Hope your Dad-in-law faces reality, otherwise he may lose the love of his wife over his own stubbornness. What he is putting her though is shortening her life :(
He was willing & able to move to a condo? But not accept home help or move to IL/AL. Why?
? He's the boss - don't be telling ME what to do youngsters! (Pride)
? Because HE is ok & is too egocentric to glace over as his wife & see her needs? (won't or can't).
Or maybe doesn't know what to do or how to go about it - staying put is just easier. (Judgement & planning skills kaput)
On a scale from Flexible like a sapling to Inflexible like concrete - where would he be?

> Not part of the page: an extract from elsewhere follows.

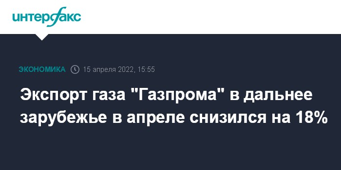 Экспорт газа "Газпрома" в дальнее зарубежье в апреле снизился на 18%
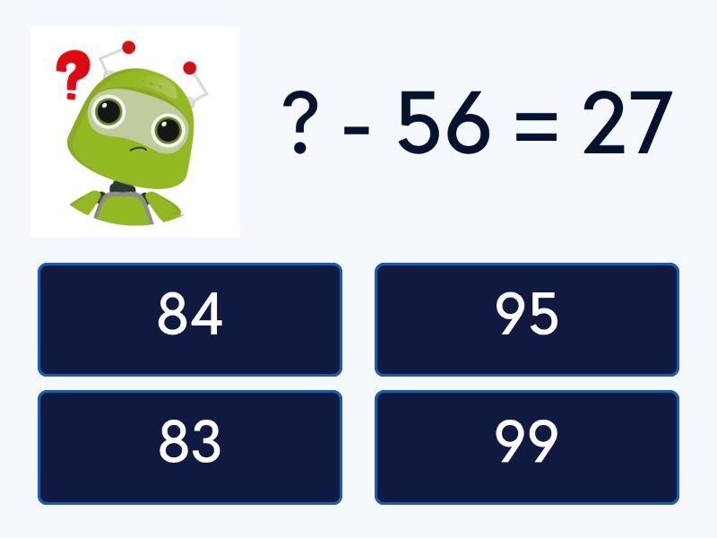 1) ? - 56 = 27 a) 84 b) 95 c) 83 d) 99 2) 46 - ? = 8 a) 36 b) 26 c) 38 d) 16 3) 67 - ? = 8 a) 48 b) 59 c) 49 d) 55 4) ? - 25 = 29 a) 56 b) 54 c) 44 d) 64 5) ? - 27 = 16 a) 42 b) 43 c) 32 d) 54 6) 91 - ? = 85 a) 6 b) 14 c) 16 d) 5 7) ? - 17 = 59 a) 75 b) 76 c) 66 d) 78 8) 86 - ? = 27 a) 53 b) 48 c) 46 d) 56 9) 92 - ? = 38 a) 44 b) 54 c) 38 d) 48 10) ? - 29 = 53 a) 92 b) 72 c) 82 d) 74

PS I forgot fear. Is he scared of a vision of a 1900s nursing home. Has he ever toured a new hotel like AL facility?
My parents were in independent living and dad was still driving with early dementia. I just knew he was going to be one of those elders that went for a trip to the neighborhood store but ended up several states away. At the time I didn't voice my concerns to my father (according to him he was perfectly capable of driving. AAAAAUUUUUUGH). I'd ask my mom from time to time and voice my concerns and of course she'd continue to ride with him as long as she felt safe - ya just gotta love it! Luckily nothing ever happened and I did get him to volunteer to give up driving. Of course, he complained for the next of year that I made him quit driving- I forced him to volunteer.
The family can try and get in home help, if that is refused, someone should call the appropriate gov agency to do an evaluation of their situation. I wouldn't think the authorities wouldn't appoint a guardian/conservator for them without working with the family first.
The family needs to present a united front and continue try and convince them they deserve a better and safer life. Good luck.
Does Gma realize that the state will take guardianship and neither she nor her kids will have ANY say in where they end up? (This is unlikely to happen, but CAN. I might tell a therapeutic fib strong enough to get her to make a move).
That's sad. She is endangering her own life. Has she always been this submissive?
If someone (one of the "kids") showed up and offered her a ride to the IL facility, would she take the opportunity to move, or even to look?
I suspect I will get snarky replies from some other readers but I stand by my statement.